The fact that you’re reading this blog and you’ve read it this far is itself a sign that you’re already into the step one of this process. Yes, step one is reading and studying intensively about VFX industry; Knowing the latest trends, range of opportunities, field that matches your taste and everything related which you can do research in. No matter whatever field you choose, having a thorough knowledge about what you’re getting yourself into is mandatory. The second step is opting a suitable program suited to your taste and interests. To pursue a career in VFX, select a  that is  well-reputated and has nice studio set-up.  If you’re interested in only one of the genres of visual effects sector, taking a full-time 3 year degree programme won’t be a good idea. Whether you did 3 year degree program or certificate/diploma course, the opportunities will knock at your door if you’ve a top-noch bunch of works/showreels that showcase your talent and hardwork. Basically, it’s not the education certificate that matters but its the quality of your showreels that decides your future.
However, enrolling in a suitable VFX course at a respectable institution is the simplest approach to get into the VFX and animation industries. This will have a profound impact on how you pursue employment in the sector as well as how your future is shaped.

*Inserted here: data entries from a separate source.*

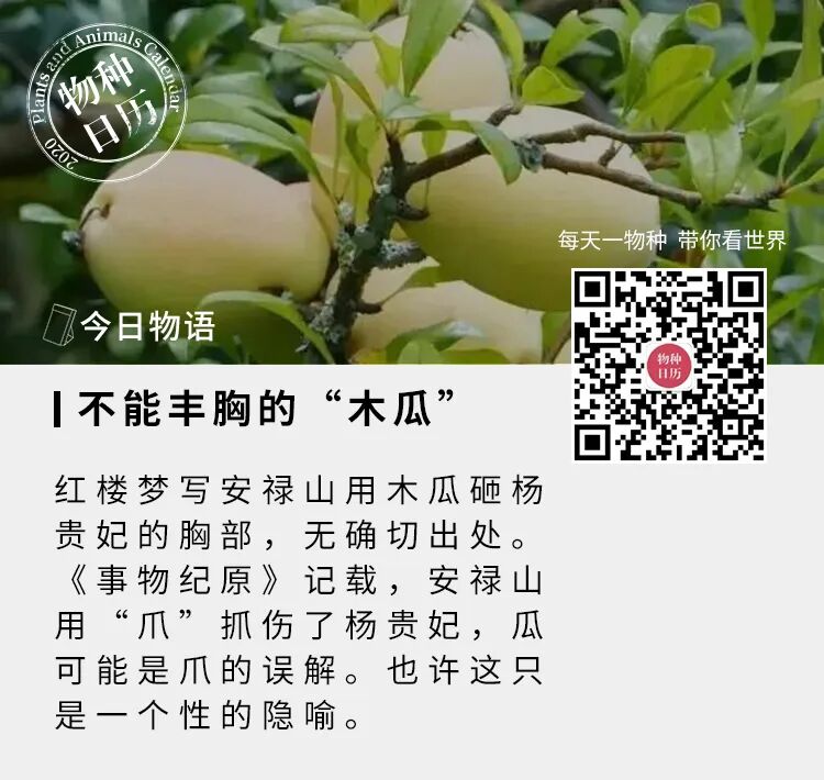 自汉以后以木瓜表现男女之情的文学作品比较少,印象里比较深刻的是《红楼梦》里贾宝玉进秦可卿闺房,房中便摆着一个“安禄山掷过伤了太真乳的木瓜”,不但是男女之情,而且是相当大胆的男女之情了。
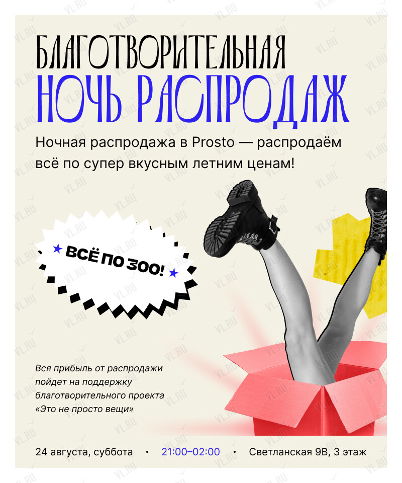 Союз "Во имя добра" и благотворительный секонд-хенд Prosto приглашают на благотворительную ночь распродаж, которая пройдет в субботу 24 августа с 21:00 до 2:00!
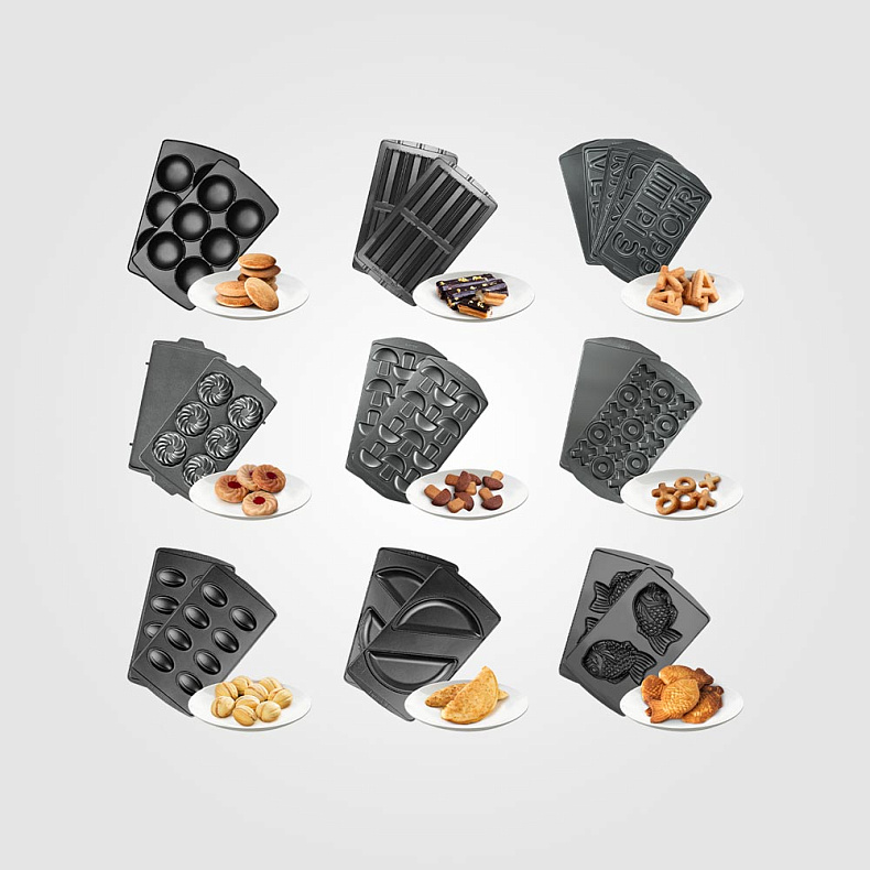 Хотите приготовить на мультипекаре орешки со сгущенкой? Просто купите дополнительные фирменные панели из нашего ассортимента. Они съемные и легко меняются, поэтому вы сможете приготовить выпечку на любой вкус.
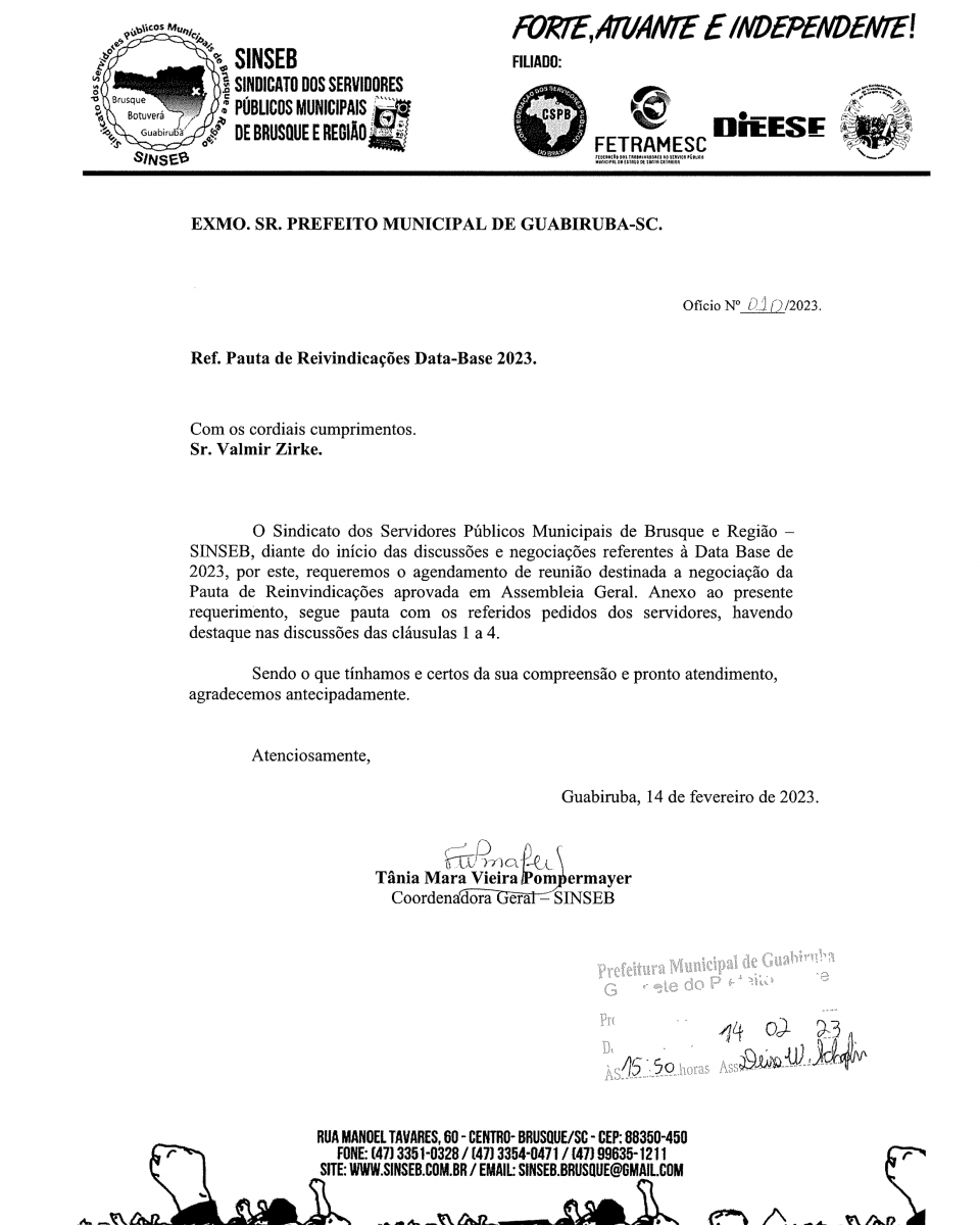 O Sindicato dos Servidores já enviou ofício solicitando o início das negociações salariais para os 3 municípios da base de representatividade.

Salary of a VFX Artist in India
You can offer yourself a solid foundation by enrolling in a reputable VFX and animation course in India. As to the April 2020 update, a VFX artist’s average monthly remuneration is INR 37.5k. As you advance to the position of assistant technical director or assistant animator/creative director, you can expect to generate more income accordingly. In India, the average monthly salary for a VFX artist is presently around INR 15-25k. It is possible to take on freelance work in addition to your full-time employment if you have at least four to five years of expertise in the business. You can make up to INR 45k to 60k a month working as a freelancer, depending on your expertise, reputation, and caliber of work. Expert animators and visual effects artists also bill by the hour. Anyhow, let’s patiently sit back and watch what 2024 has in store for the VFX industry.